✍️ Handwritten Digit Recognizer

A simple yet effective neural network model for recognizing handwritten digits (0-9), trained on the MNIST-like dataset using TensorFlow/Keras. This project demonstrates end-to-end machine learning: data loading, preprocessing, model building, training, evaluation, and inference on custom images.
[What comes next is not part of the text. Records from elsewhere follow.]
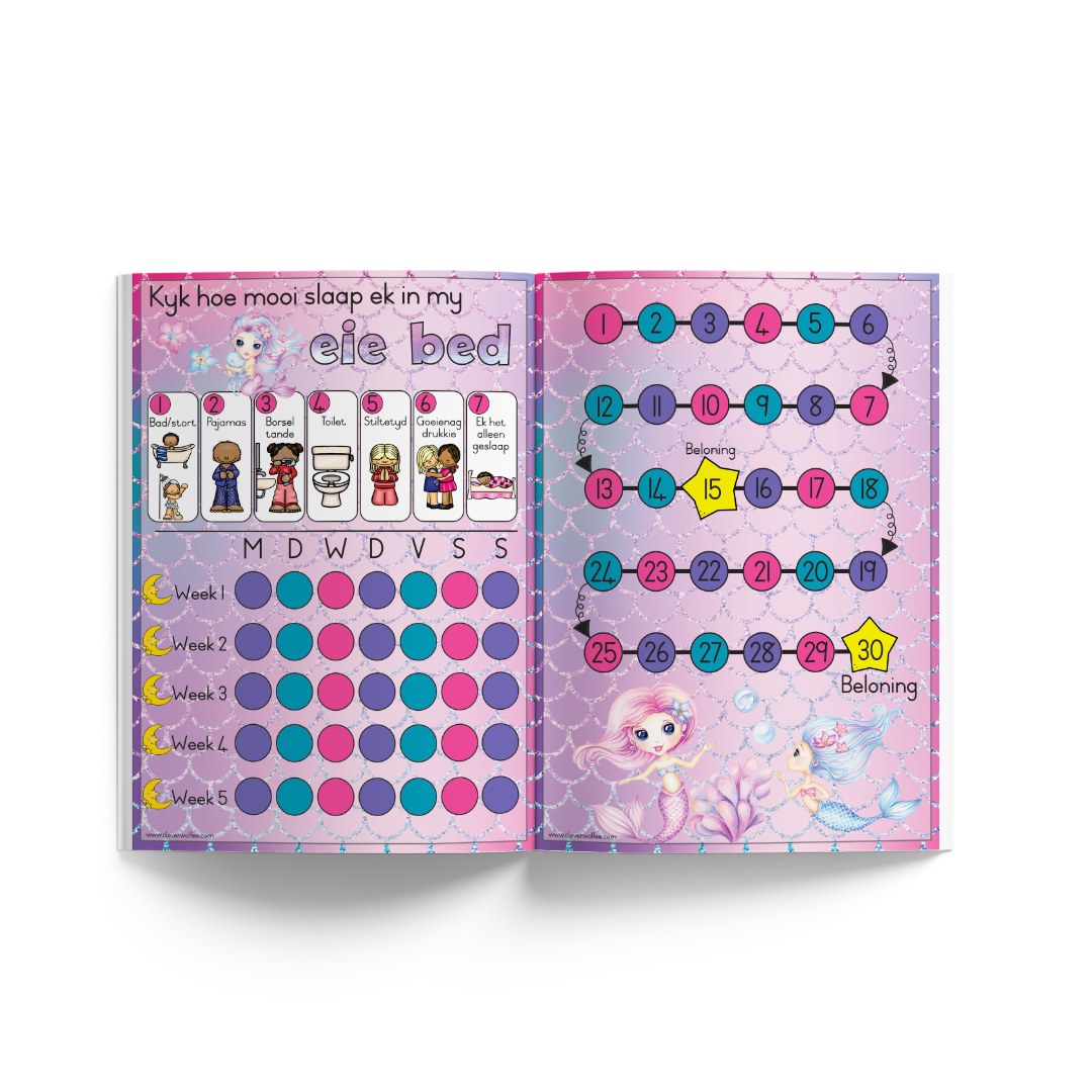 Hierdie pakket bevat `n slaaptyd roetine, sowel as spasies om af te merk wanneer `n takie voltooi is.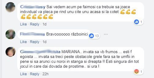 „O întrebare pentru așa zișii Faimoși: ei cu ce sunt mai bărbați în condițiile în care o șicanau pe Mariana sau pe alți războinici când jucau în partea de final? De ce se cred vulturi când ei sunt doar niște ciori gălăgioase pe tot parcursul competițiilor?“
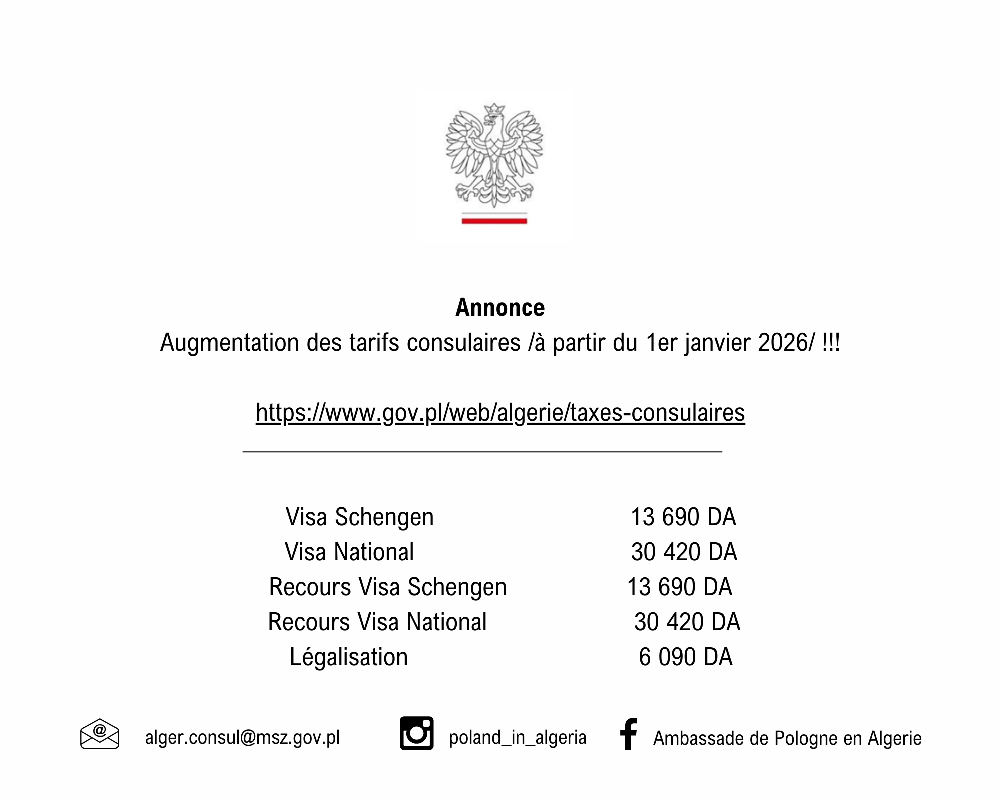 Tarifs consulaires a partir 01.01.2026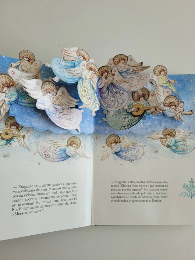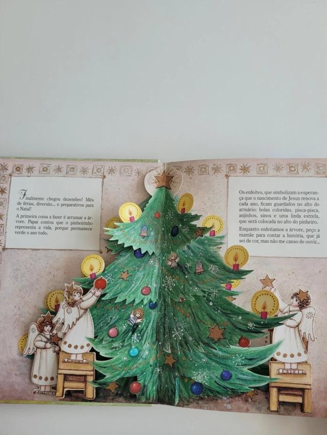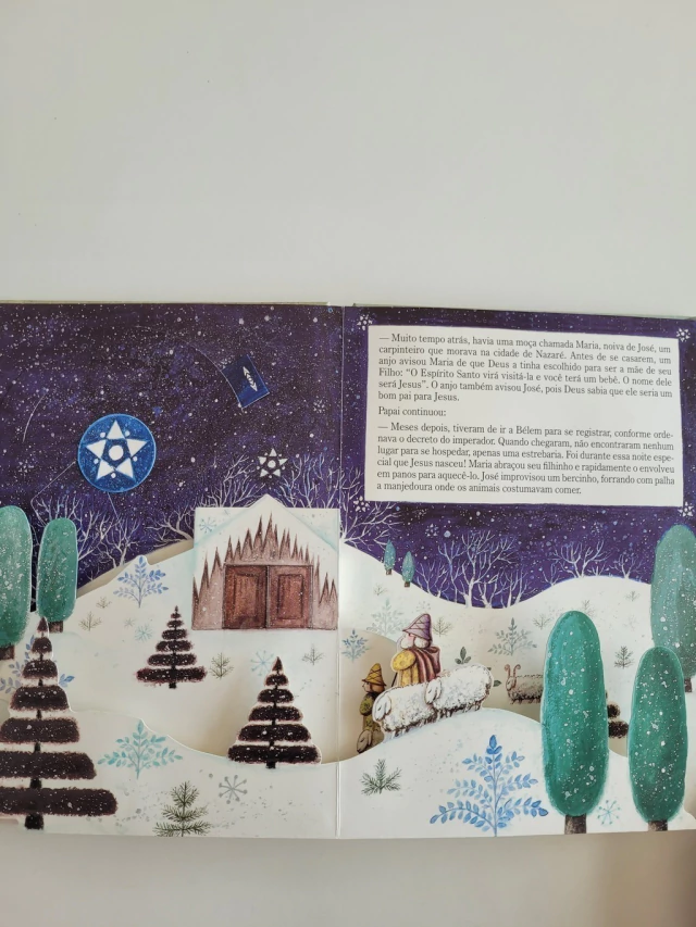 Neste livro, o nascimento de Jesus é descrito por meio de uma lúdica história de Natal, que apresenta os detalhes mais importantes da chegada do Menino Deus. Ilustrações interativas e tridimensionais trazem uma surpresa a cada página, com detalhes que podem ser girados ou puxados, revelando mais ilustrações. Enquanto a criança acompanha o relato bíblico, ajuda os anjos a enfeitar a árvore, faz a estrela brilhar e badala o sino que anuncia o nascimento do Menino Jesus. Um lindo livro e uma ótima sugestão de presente para o Natal. O texto original foi escrito por Francesca Crespi e teve livre adaptação para o português por ANDRÉIA SCHWEITZER.

The model uses a convolutional neural network (CNN) to achieve high accuracy (~98%+ on validation). Includes visualization of training history and image preprocessing for real-world inputs.

🚀 Features

Data Handling: Loads CSV data (e.g., Kaggle's Digit Recognizer), normalizes, reshapes into images.
CNN Model: Sequential Keras model with Conv2D, MaxPooling, Dropout for regularization, and Dense layers.
Training: Splits data, trains with Adam optimizer, categorical crossentropy; saves model as .keras.
Evaluation: Validation accuracy/loss, plus matplotlib plots for history.
Inference: Preprocesses custom PNG images (crop, resize, invert if needed), predicts digit with confidence.
Customization: Easy config for image size, classes, test split, epochs.
Pure Python: No external APIs; runs locally with standard ML libs.

📂 Project Structure

main.py # Main script: Load data, build/train/eval/save model, plot history
predict.py # Inference script: Load model, preprocess custom image, predict digit
requirements.txt # Dependencies: pandas, tensorflow, scikit-learn, matplotlib, pillow, numpy

Note: Assumes train.csv (from GFG) in root for training, and a user-provided PNG (e.g., my_digit.png) for prediction.

🧠 Theoretical Background

This project implements a classic computer vision task: handwritten digit recognition, inspired by the iconic MNIST dataset (Modified National Institute of Standards and Technology).

1. The Problem & Dataset

Task: Classify grayscale 28x28 pixel images of digits (0-9) into 10 classes.
MNIST-like Data: Kaggle's Digit Recognizer provides 42,000 training samples in CSV format (label + 784 pixels).
Challenges: Variations in handwriting style, thickness, slant, noise — requires robust feature extraction.

2. Preprocessing

Normalization: Pixels (0-255) → [0,1] to stabilize gradients during training.
Reshaping: Flat 784-vector → (28,28,1) image tensor for CNN input.
Train/Val Split: 80/20 random split to evaluate generalization (avoid overfitting).
Inference Prep: For custom images:
- Convert to grayscale, invert if light background.
- Crop to bounding box (remove empty space).
- Resize to ~20px (MNIST scale) while preserving aspect.
- Center in 28x28 black canvas.

3. Convolutional Neural Network (CNN) Architecture

CNNs excel at image tasks by learning hierarchical features (edges → shapes → digits).

Model structure:

Input: (28,28,1) grayscale image.
Conv Layers: 2x Conv2D (32/64 filters, 3x3 kernel, ReLU) to detect local patterns.
Pooling: MaxPooling2D (2x2) reduces dimensions, adds translation invariance.
Dropout: 25% rate prevents overfitting by random neuron deactivation.
Flatten + Dense: Flatten to 1D, then Dense(128, ReLU) → Softmax(10) for classification.

Why CNN over MLP?

Parameter efficiency: Shared weights in convolutions → fewer params than fully connected.
Spatial hierarchy: Early layers learn low-level features (edges), later high-level (digit shapes).
Formula for Conv: Output size = ((W - K + 2P)/S) + 1
- W: Input width, K: Kernel size, P: Padding (0 here), S: Stride (1).

4. Training Process

Loss: Categorical Crossentropy: $$L = - \sum y_i \log(\hat{y_i})$$
- Measures prediction vs. true label divergence.
Optimizer: Adam (adaptive learning rate) for efficient gradient descent.
Metrics: Accuracy = correct predictions / total.
Epochs/Batch: 10 epochs, batch=32 — balances speed/convergence.
Overfitting Check: Validation loss plot; early stopping could be added.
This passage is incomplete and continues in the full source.